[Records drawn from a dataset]
------

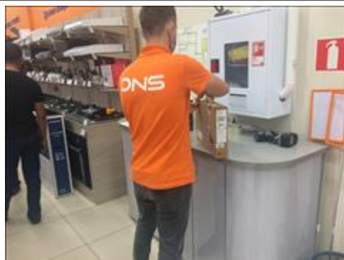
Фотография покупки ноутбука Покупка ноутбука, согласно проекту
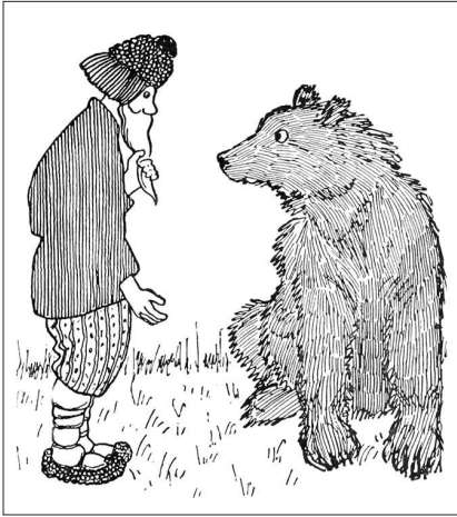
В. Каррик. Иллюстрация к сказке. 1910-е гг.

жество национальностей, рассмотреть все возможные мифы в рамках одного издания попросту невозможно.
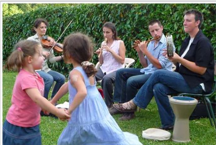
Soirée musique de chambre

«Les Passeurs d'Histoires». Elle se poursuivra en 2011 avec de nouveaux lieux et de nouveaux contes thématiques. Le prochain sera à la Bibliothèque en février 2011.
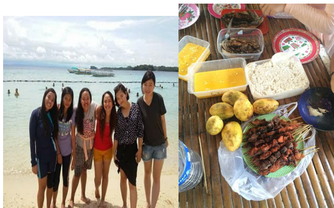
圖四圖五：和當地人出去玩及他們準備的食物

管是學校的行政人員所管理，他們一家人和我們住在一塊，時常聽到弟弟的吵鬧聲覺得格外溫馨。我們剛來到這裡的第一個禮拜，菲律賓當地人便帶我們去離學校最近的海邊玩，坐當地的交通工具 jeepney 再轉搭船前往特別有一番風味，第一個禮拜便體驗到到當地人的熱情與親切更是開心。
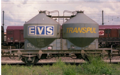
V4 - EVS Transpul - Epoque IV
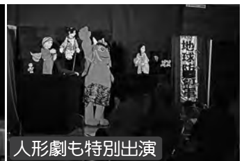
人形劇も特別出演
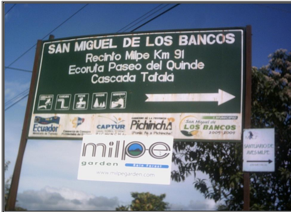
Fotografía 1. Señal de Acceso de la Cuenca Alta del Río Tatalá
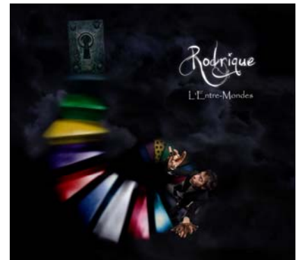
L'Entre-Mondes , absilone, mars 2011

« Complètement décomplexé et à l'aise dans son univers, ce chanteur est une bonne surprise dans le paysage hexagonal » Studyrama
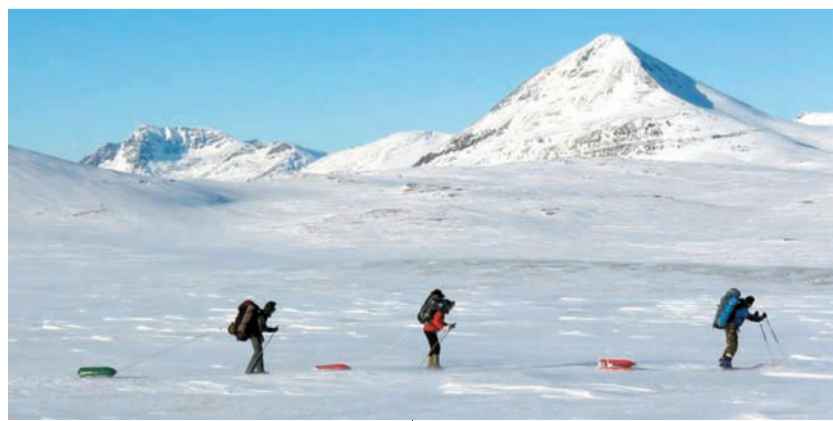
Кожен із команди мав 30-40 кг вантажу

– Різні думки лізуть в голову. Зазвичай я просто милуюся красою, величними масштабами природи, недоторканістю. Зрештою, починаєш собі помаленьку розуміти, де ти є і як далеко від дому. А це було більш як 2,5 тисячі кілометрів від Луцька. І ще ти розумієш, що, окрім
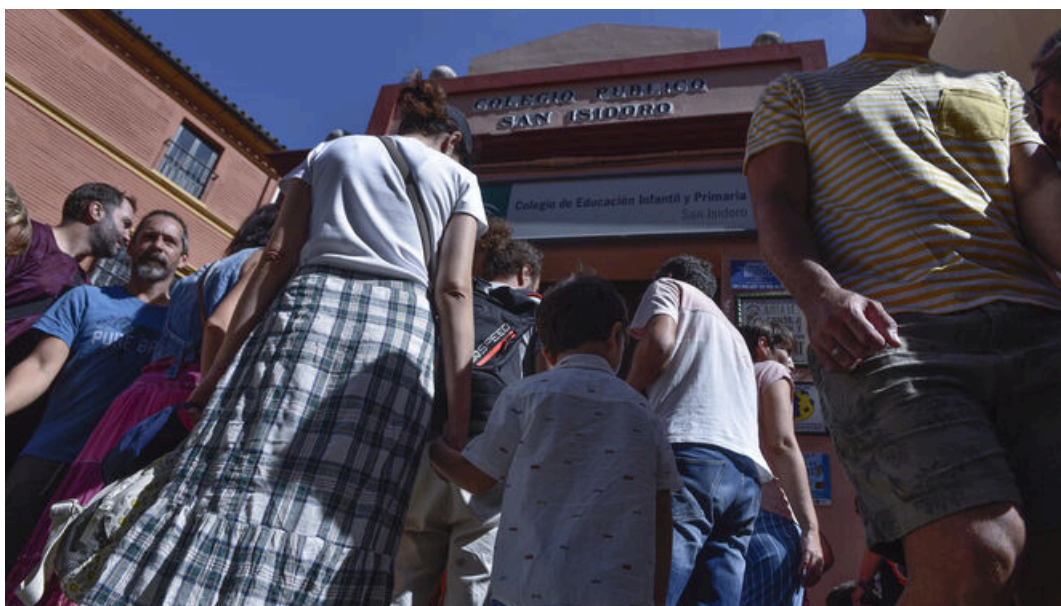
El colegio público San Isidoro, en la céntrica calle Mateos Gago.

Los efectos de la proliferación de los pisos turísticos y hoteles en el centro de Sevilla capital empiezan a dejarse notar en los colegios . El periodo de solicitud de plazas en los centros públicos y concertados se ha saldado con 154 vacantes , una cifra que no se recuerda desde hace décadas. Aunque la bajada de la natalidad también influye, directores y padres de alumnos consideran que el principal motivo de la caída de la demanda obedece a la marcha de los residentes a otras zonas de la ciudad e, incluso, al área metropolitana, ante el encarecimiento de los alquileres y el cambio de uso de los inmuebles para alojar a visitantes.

------

§ **Task objective**: Transcribe the span of lines that runs from the line with "Кожен із команди мав 30-40 кг вантажу" to the end of the data, both ends included, exactly, with nothing else and no pictures.

§ **Expected output**:
Кожен із команди мав 30-40 кг вантажу

– Різні думки лізуть в голову. Зазвичай я просто милуюся красою, величними масштабами природи, недоторканістю. Зрештою, починаєш собі помаленьку розуміти, де ти є і як далеко від дому. А це було більш як 2,5 тисячі кілометрів від Луцька. І ще ти розумієш, що, окрім
El colegio público San Isidoro, en la céntrica calle Mateos Gago.

Los efectos de la proliferación de los pisos turísticos y hoteles en el centro de Sevilla capital empiezan a dejarse notar en los colegios . El periodo de solicitud de plazas en los centros públicos y concertados se ha saldado con 154 vacantes , una cifra que no se recuerda desde hace décadas. Aunque la bajada de la natalidad también influye, directores y padres de alumnos consideran que el principal motivo de la caída de la demanda obedece a la marcha de los residentes a otras zonas de la ciudad e, incluso, al área metropolitana, ante el encarecimiento de los alquileres y el cambio de uso de los inmuebles para alojar a visitantes.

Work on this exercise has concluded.